Starting with the line that contains "Zdjęcie Norwegia, Sogn" and stopping after the line that contains "The elves have", copy the entries below exactly. Include nothing else.

** Records to process **

Content starts

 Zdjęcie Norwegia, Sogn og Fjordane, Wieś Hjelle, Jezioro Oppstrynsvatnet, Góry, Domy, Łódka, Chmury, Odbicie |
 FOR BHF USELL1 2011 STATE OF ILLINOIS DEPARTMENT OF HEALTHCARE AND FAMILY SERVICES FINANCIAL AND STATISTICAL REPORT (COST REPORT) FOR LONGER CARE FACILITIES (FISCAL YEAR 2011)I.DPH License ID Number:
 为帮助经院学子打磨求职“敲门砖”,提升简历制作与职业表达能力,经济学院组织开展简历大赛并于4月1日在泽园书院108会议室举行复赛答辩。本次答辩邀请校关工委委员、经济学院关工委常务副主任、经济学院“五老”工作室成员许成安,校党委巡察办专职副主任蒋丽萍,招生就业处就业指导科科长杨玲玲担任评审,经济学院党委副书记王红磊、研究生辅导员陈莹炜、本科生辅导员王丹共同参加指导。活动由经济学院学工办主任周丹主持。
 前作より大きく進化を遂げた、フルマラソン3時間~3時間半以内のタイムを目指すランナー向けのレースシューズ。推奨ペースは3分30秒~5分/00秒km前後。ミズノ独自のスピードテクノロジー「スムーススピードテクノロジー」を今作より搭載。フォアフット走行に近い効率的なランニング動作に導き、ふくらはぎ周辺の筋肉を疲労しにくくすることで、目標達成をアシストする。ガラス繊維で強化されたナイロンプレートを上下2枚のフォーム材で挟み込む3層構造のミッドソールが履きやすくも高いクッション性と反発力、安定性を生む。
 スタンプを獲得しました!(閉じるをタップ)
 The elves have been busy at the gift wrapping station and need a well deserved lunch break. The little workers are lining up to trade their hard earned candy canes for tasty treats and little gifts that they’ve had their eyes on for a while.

Content ends
Content starts

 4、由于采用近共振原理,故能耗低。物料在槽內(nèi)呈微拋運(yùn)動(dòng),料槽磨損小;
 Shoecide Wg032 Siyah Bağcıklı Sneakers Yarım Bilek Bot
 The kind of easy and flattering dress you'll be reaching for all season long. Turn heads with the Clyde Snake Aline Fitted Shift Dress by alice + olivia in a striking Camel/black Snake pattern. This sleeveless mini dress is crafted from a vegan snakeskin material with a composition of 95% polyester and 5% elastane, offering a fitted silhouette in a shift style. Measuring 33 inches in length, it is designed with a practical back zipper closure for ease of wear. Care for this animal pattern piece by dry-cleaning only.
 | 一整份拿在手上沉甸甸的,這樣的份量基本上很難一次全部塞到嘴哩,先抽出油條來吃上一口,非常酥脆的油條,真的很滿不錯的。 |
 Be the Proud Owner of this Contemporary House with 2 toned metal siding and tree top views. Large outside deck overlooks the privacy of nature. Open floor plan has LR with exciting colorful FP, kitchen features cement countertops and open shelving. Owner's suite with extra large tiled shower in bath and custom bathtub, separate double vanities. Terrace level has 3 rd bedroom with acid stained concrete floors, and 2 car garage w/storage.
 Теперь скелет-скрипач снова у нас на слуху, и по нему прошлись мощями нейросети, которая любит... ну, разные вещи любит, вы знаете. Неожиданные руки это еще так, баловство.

Content ends
Content starts

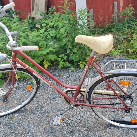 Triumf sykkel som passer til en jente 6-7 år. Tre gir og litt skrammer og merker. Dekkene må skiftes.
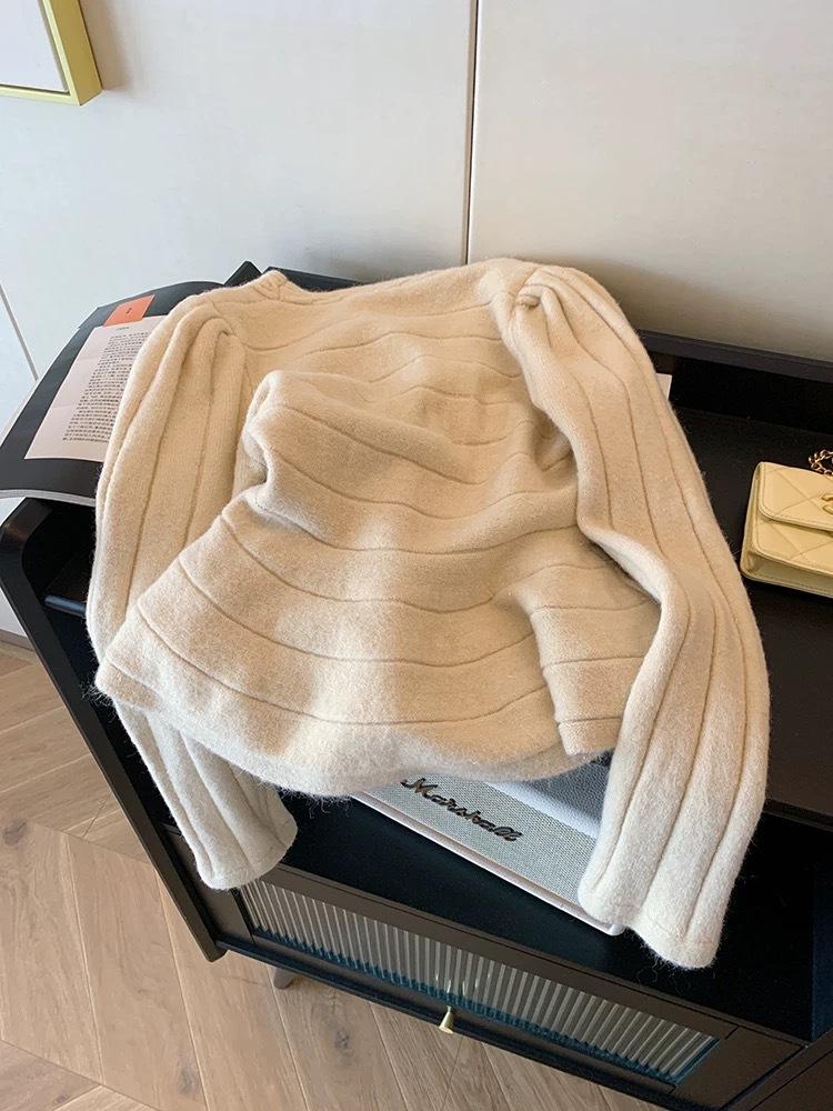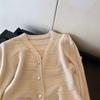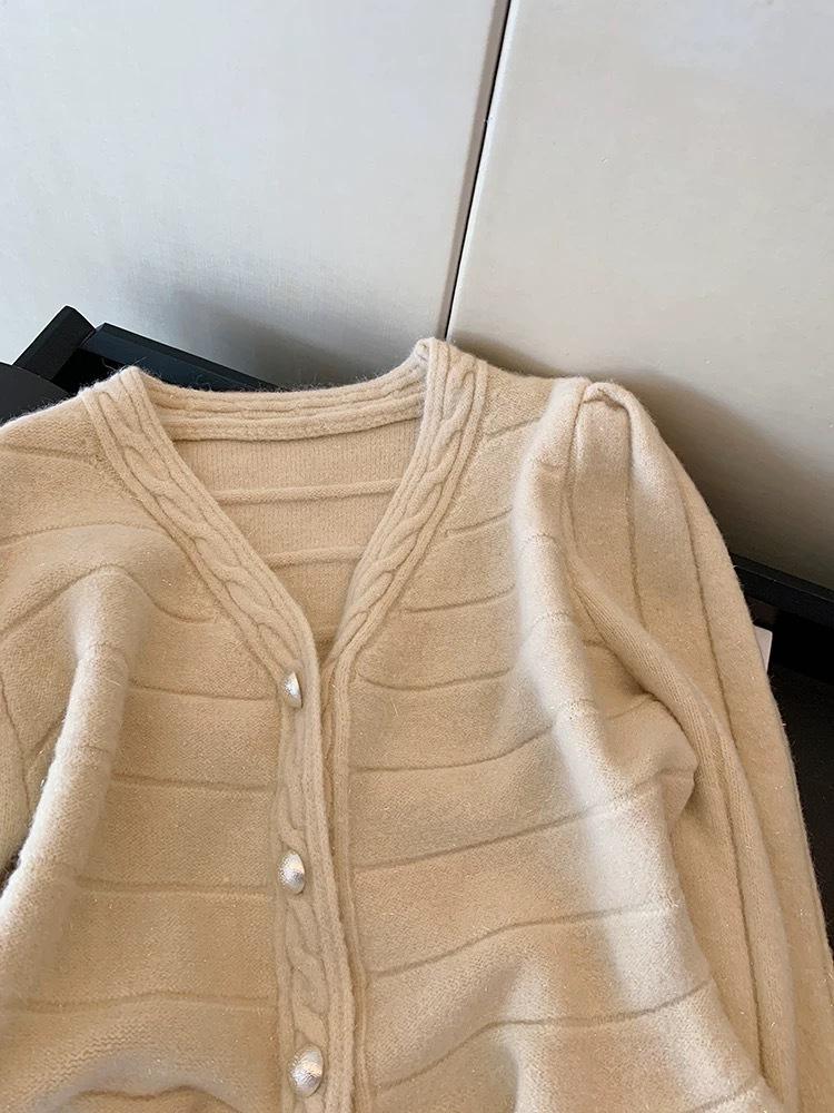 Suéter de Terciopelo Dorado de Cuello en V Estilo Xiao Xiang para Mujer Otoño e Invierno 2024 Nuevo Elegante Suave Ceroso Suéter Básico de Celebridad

Content ends

** Exercise solution **
 Zdjęcie Norwegia, Sogn og Fjordane, Wieś Hjelle, Jezioro Oppstrynsvatnet, Góry, Domy, Łódka, Chmury, Odbicie |
 FOR BHF USELL1 2011 STATE OF ILLINOIS DEPARTMENT OF HEALTHCARE AND FAMILY SERVICES FINANCIAL AND STATISTICAL REPORT (COST REPORT) FOR LONGER CARE FACILITIES (FISCAL YEAR 2011)I.DPH License ID Number:
 为帮助经院学子打磨求职“敲门砖”,提升简历制作与职业表达能力,经济学院组织开展简历大赛并于4月1日在泽园书院108会议室举行复赛答辩。本次答辩邀请校关工委委员、经济学院关工委常务副主任、经济学院“五老”工作室成员许成安,校党委巡察办专职副主任蒋丽萍,招生就业处就业指导科科长杨玲玲担任评审,经济学院党委副书记王红磊、研究生辅导员陈莹炜、本科生辅导员王丹共同参加指导。活动由经济学院学工办主任周丹主持。
 前作より大きく進化を遂げた、フルマラソン3時間~3時間半以内のタイムを目指すランナー向けのレースシューズ。推奨ペースは3分30秒~5分/00秒km前後。ミズノ独自のスピードテクノロジー「スムーススピードテクノロジー」を今作より搭載。フォアフット走行に近い効率的なランニング動作に導き、ふくらはぎ周辺の筋肉を疲労しにくくすることで、目標達成をアシストする。ガラス繊維で強化されたナイロンプレートを上下2枚のフォーム材で挟み込む3層構造のミッドソールが履きやすくも高いクッション性と反発力、安定性を生む。
 スタンプを獲得しました!(閉じるをタップ)
 The elves have been busy at the gift wrapping station and need a well deserved lunch break. The little workers are lining up to trade their hard earned candy canes for tasty treats and little gifts that they’ve had their eyes on for a while.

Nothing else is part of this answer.